Comment 3 Daniel Alley 2022-06-08 00:34:15 UTC
While running a sync of RHEL 7 I am seeing it cap out around 1020 open files.  I'm curious if this can still be produced on 6.10.6, and which repo specifically was being tested (I know it said "any" repo, but nonetheless)

We've fixed a few file leak bugs lately upstream, I believe at least some of those patches are already in 6.10.6.

Comment 20 pulp-infra@redhat.com 2022-07-03 13:28:13 UTC
The Pulp upstream bug status is at closed.

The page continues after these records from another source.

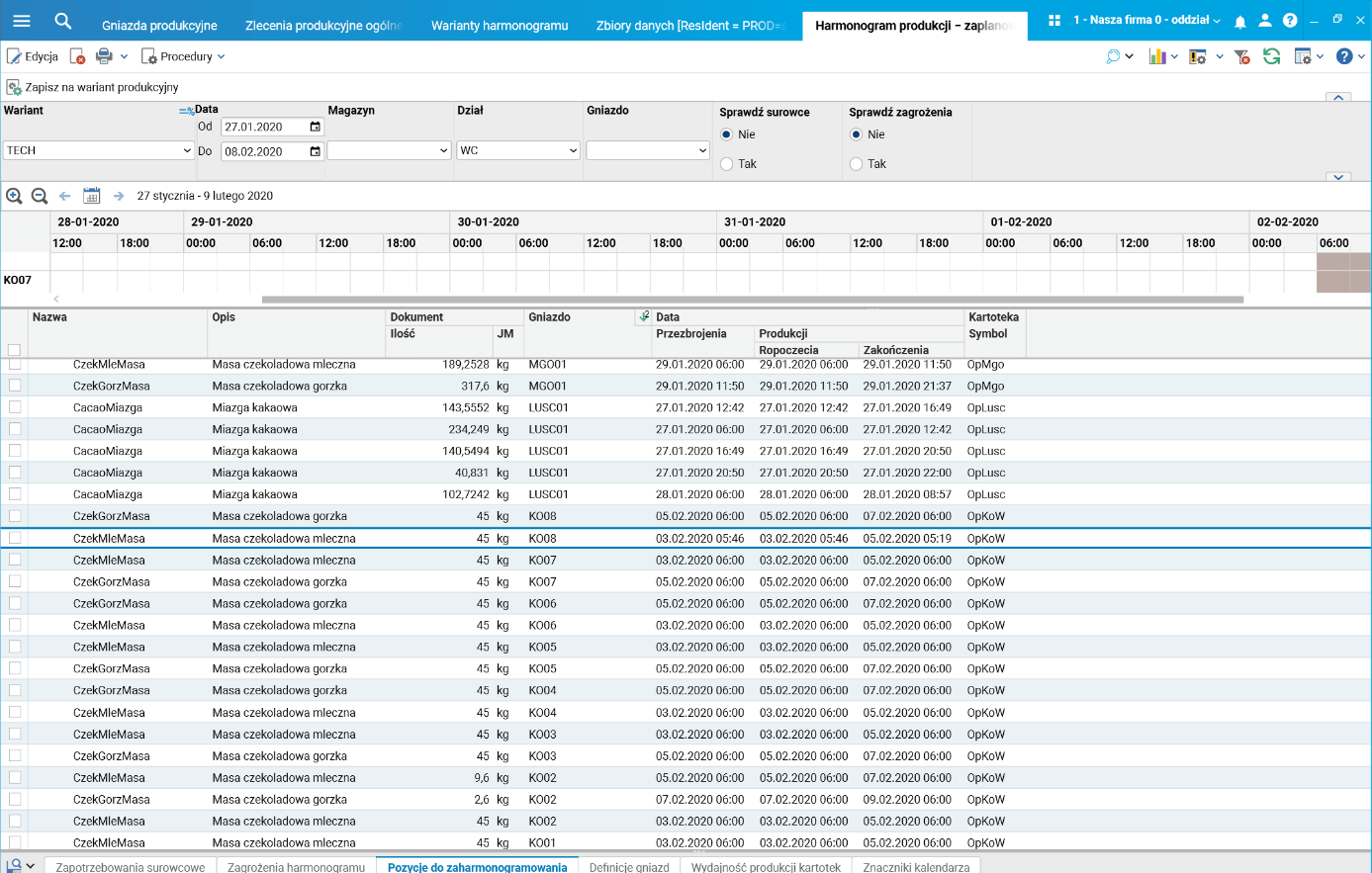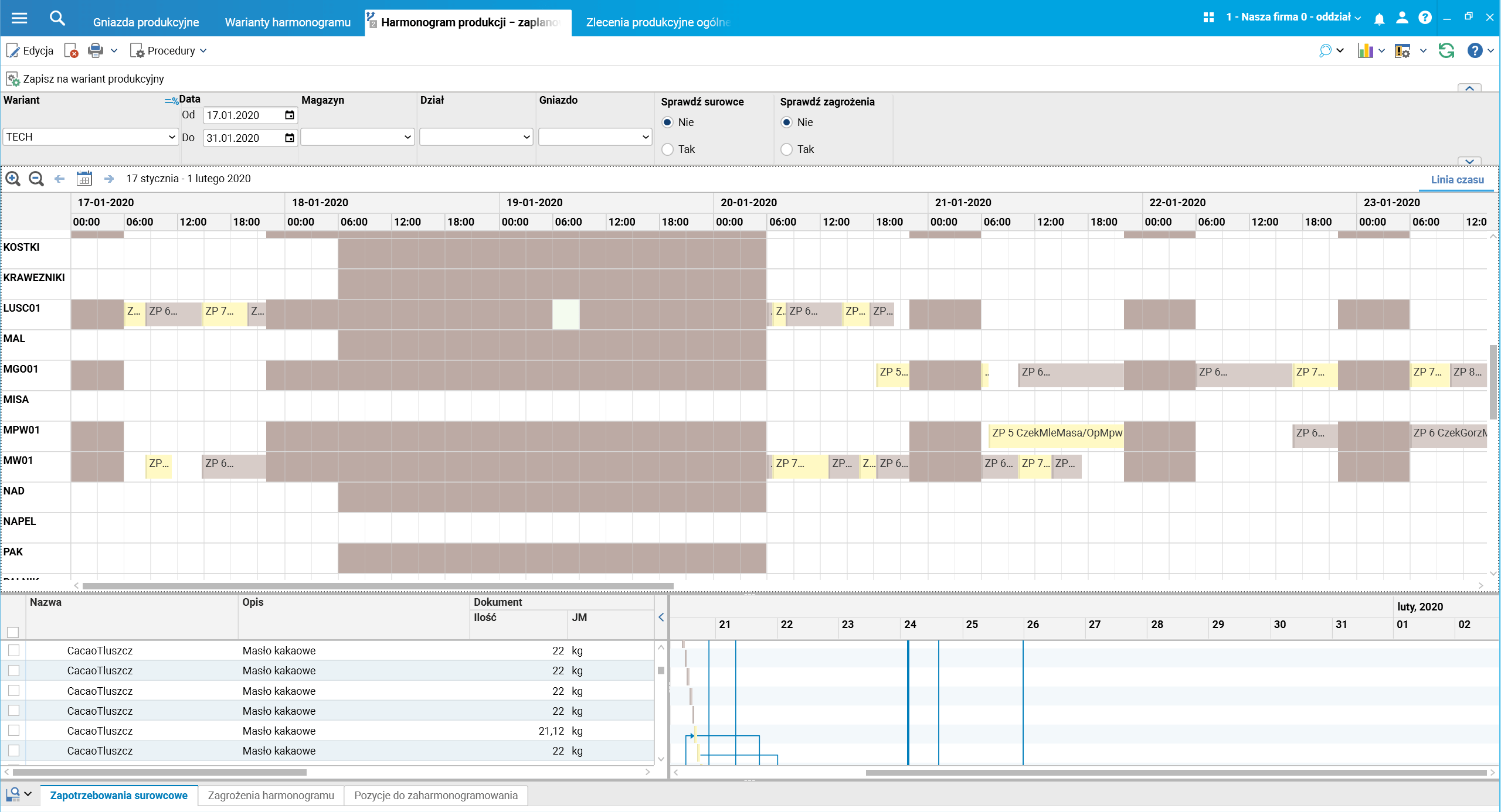 Nowością w przeglądarce harmonogramu produkcji są dwie dodatkowe przestrzenie (okna) pod harmonogramem, opisane poniżej:
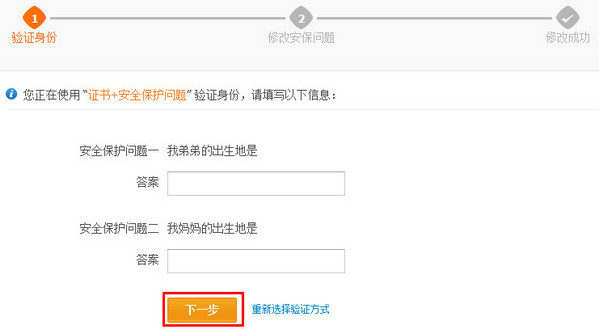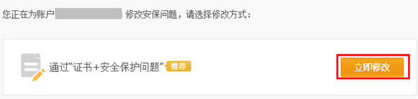 通过【证书+安全保护问题】修改安全保护问题的流程 大文 五月 26, 2016 安全中心 0 条评论 1570 围观 1 登录支付宝账户( www.alipay.com), 点击【账户设置】—【安全设置】,点击安全保护问题一栏后方的【修改】按钮 2 选择【通过证书+安全保护问题】,点击【立即修改】 3 输入原安全保护问题答案,点击【下一步】 4 设置新的安全保护问题和答案,点击【下一步】 5 确认新的安全保护问题和答案,点击【确定】 6 提示修改安保成功
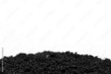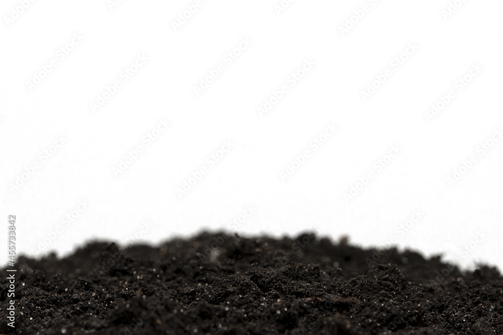 A pile of black earth close-up on a white background, isolate. Earthen soil for seedlings of plants.
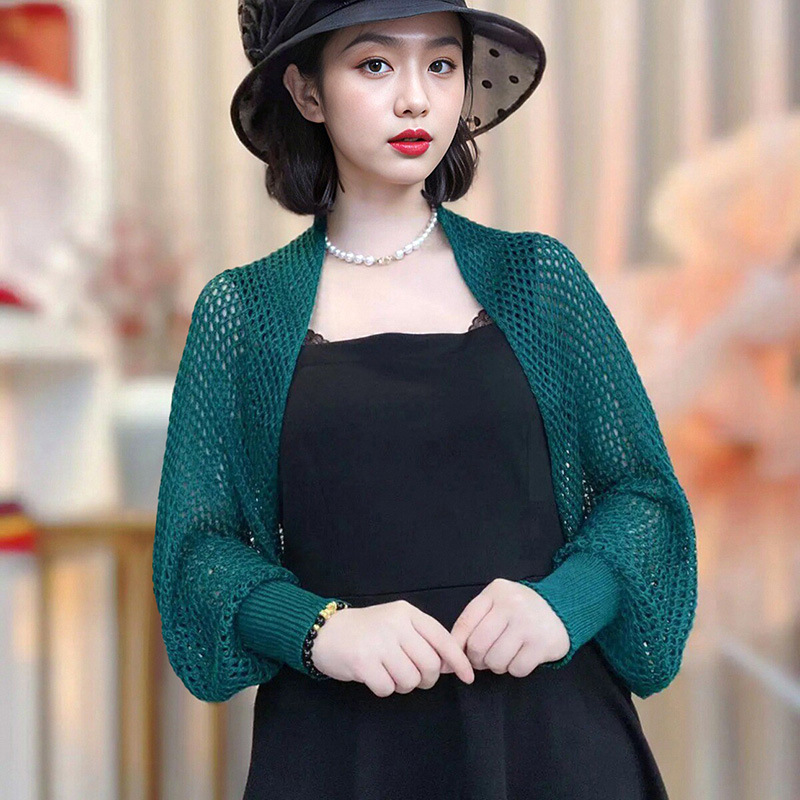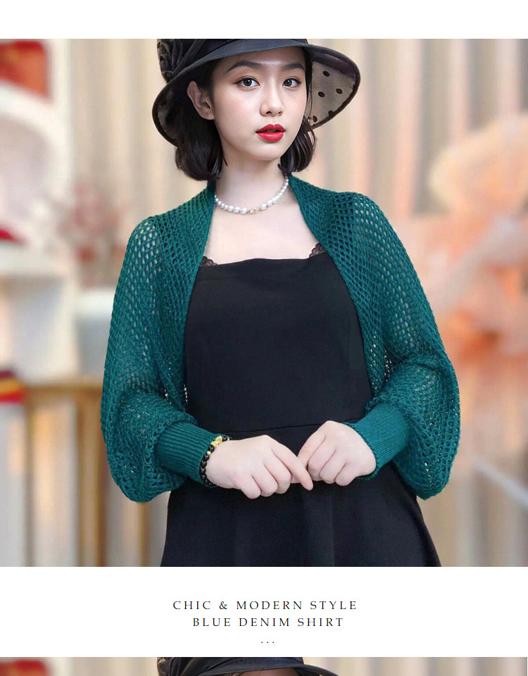 • 메쉬 슬리브 숄 그린 아이스 실크 코튼 부드럽고 피부 친화적인
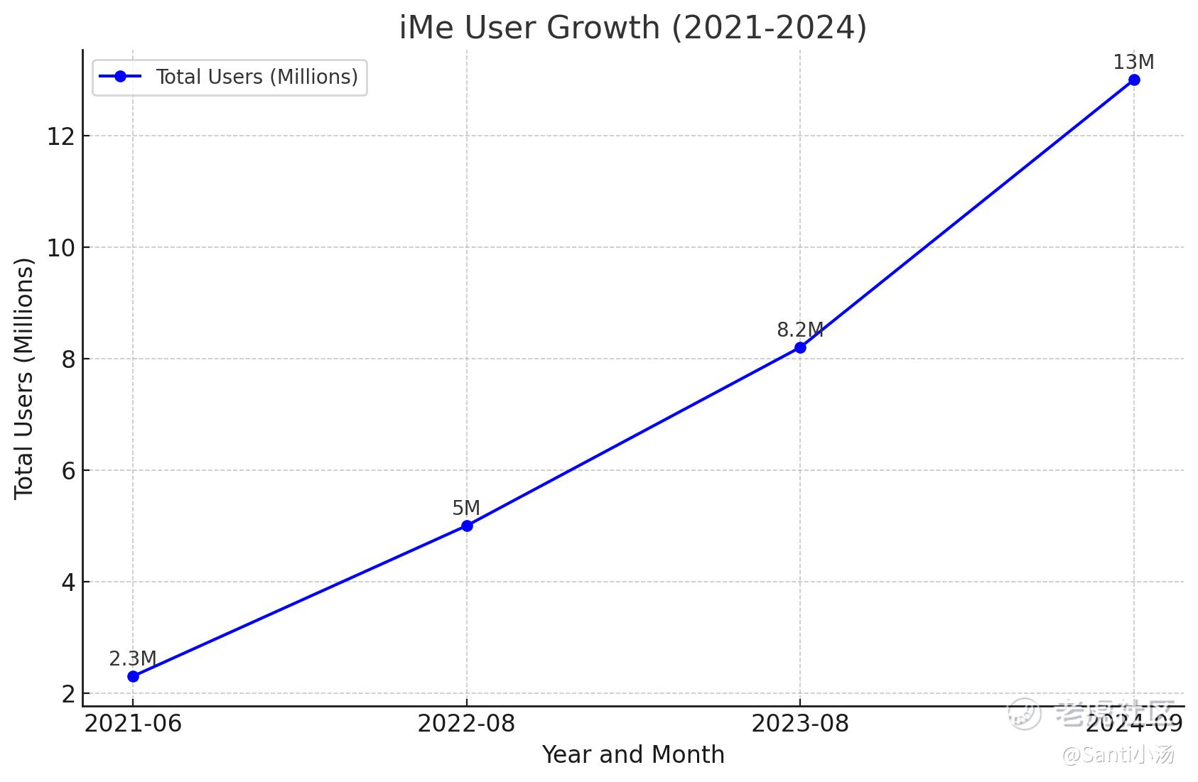 2021年6月,iMe的用户为230万,日活跃用户超过20万,截止2024年9月 目前iME已经拥有1300万的用户。3年用户增长率达到565%左右。由于iME账户和Telegram账户完全通用,TG的9亿用户也可随时无缝的使用iMe版本的TG软件。
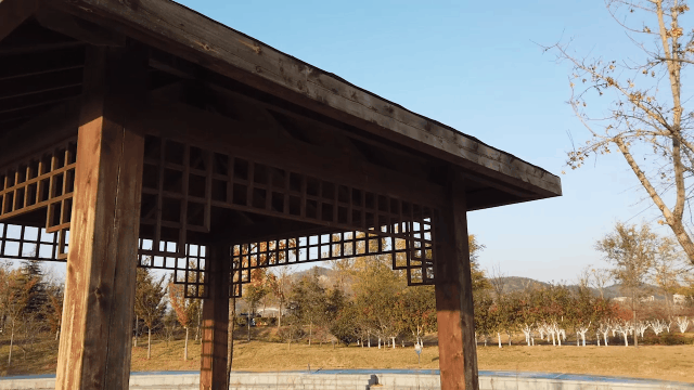 ????走累了就在木亭子里歇息一會,吹吹風(fēng)、曬曬暖陽,看著那輕盈起舞的落葉,耳畔響起那句“緩緩飄落的楓葉像思念,我點燃燭火溫暖歲末的秋天……”。
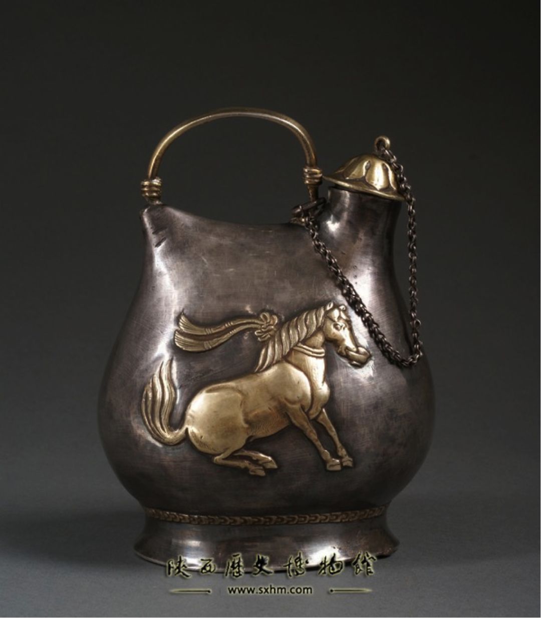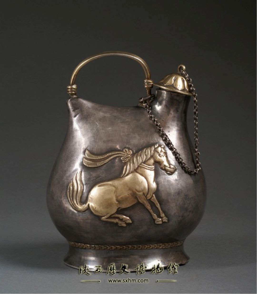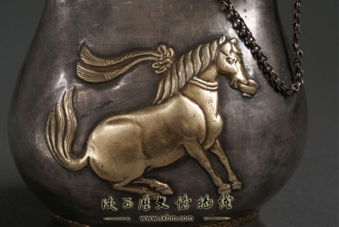 壶身是先将一整块银板捶打出壶的大致形状,再以模压的方法在壶腹两面模出两匹相互对应奋首鼓尾、衔杯匐拜的舞马形象,然后再将两端黏压焊接,反复打磨致平,几乎看不出焊接的痕迹。想当年工匠们的手艺可谓是鲁班再世!
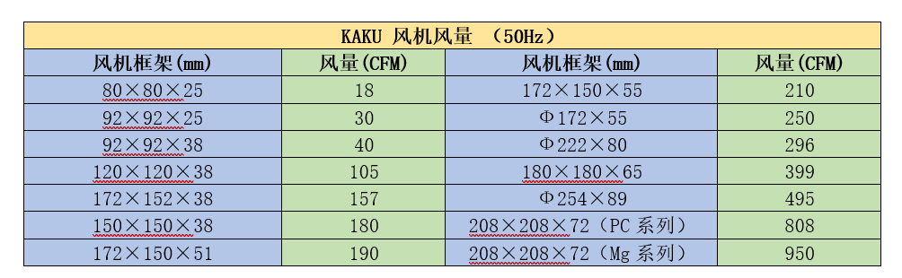 下表列出市場上比較常見的卡固(KAKU)風機的數據,作為我們上面例子的風機選型參考。
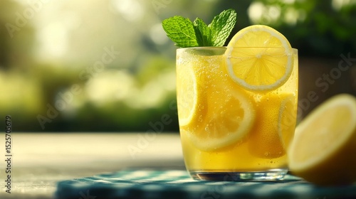 A glass of vibrant yellow lemonade with bright citrus lemon slices and fresh green mint garnish is ready for drinking outdoors.
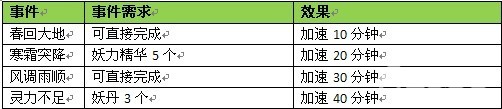 种植系统右边的事件随着时间进行刷新,效果是免费增加植物生长速度。有些时间是可以直接完成的,有些则需要一些材料,如妖力精华、妖丹进行辅助。平时大家可以去收集多点这些材料,以防备用。
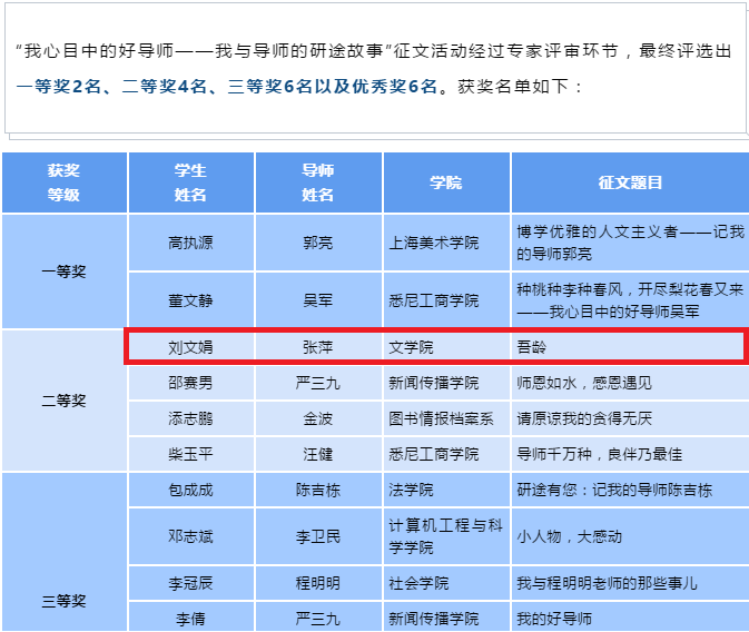 Beat365唯一官方网站2018级文字学专业研究生刘文娟《吾龄》(导师:张萍)在Beat365唯一官方网站第七届“我心目中的好导师”系列主题征集活动——“我与导师的研途故事”征文活动中获得二等奖。
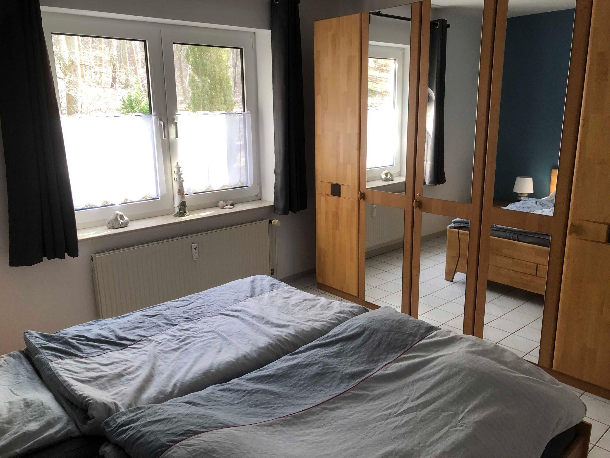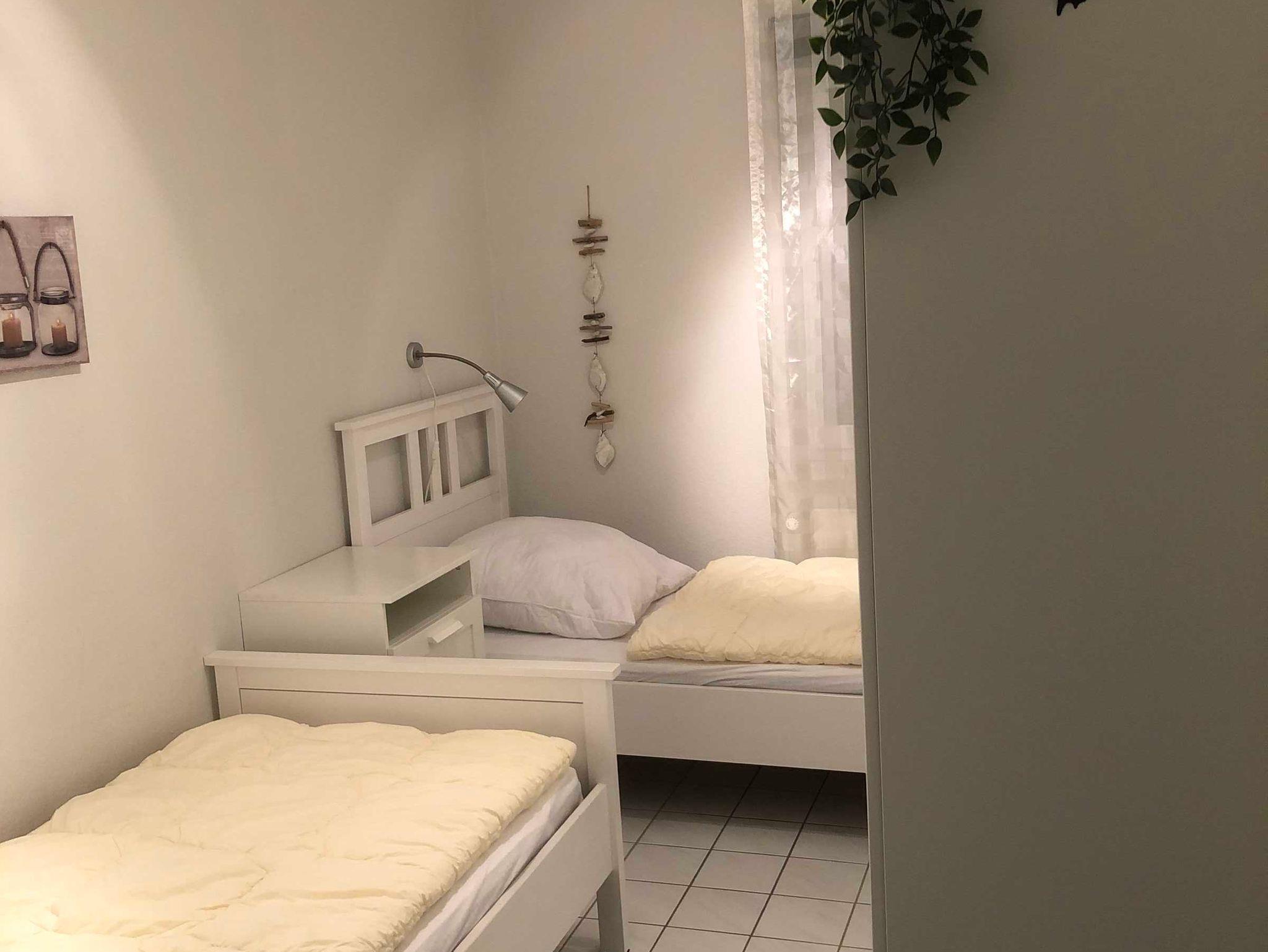 Des Weiteren enthält die Ferienwohnung zwei Schlafräume, in einem befindet sich ein Doppelbett und im anderen zwei Einzelbetten.

Updating the external tracker on this bug.

Comment 21 pulp-infra@redhat.com 2022-07-03 13:28:16 UTC
All upstream Pulp bugs are at MODIFIED+. Moving this bug to POST.

Comment 22 Daniel Alley 2022-07-03 14:35:45 UTC
Setting it back to NEW because as I said I don't think the small bug makes any real difference.

Comment 23 pulp-infra@redhat.com 2022-07-03 15:21:35 UTC
All upstream Pulp bugs are at MODIFIED+. Moving this bug to POST.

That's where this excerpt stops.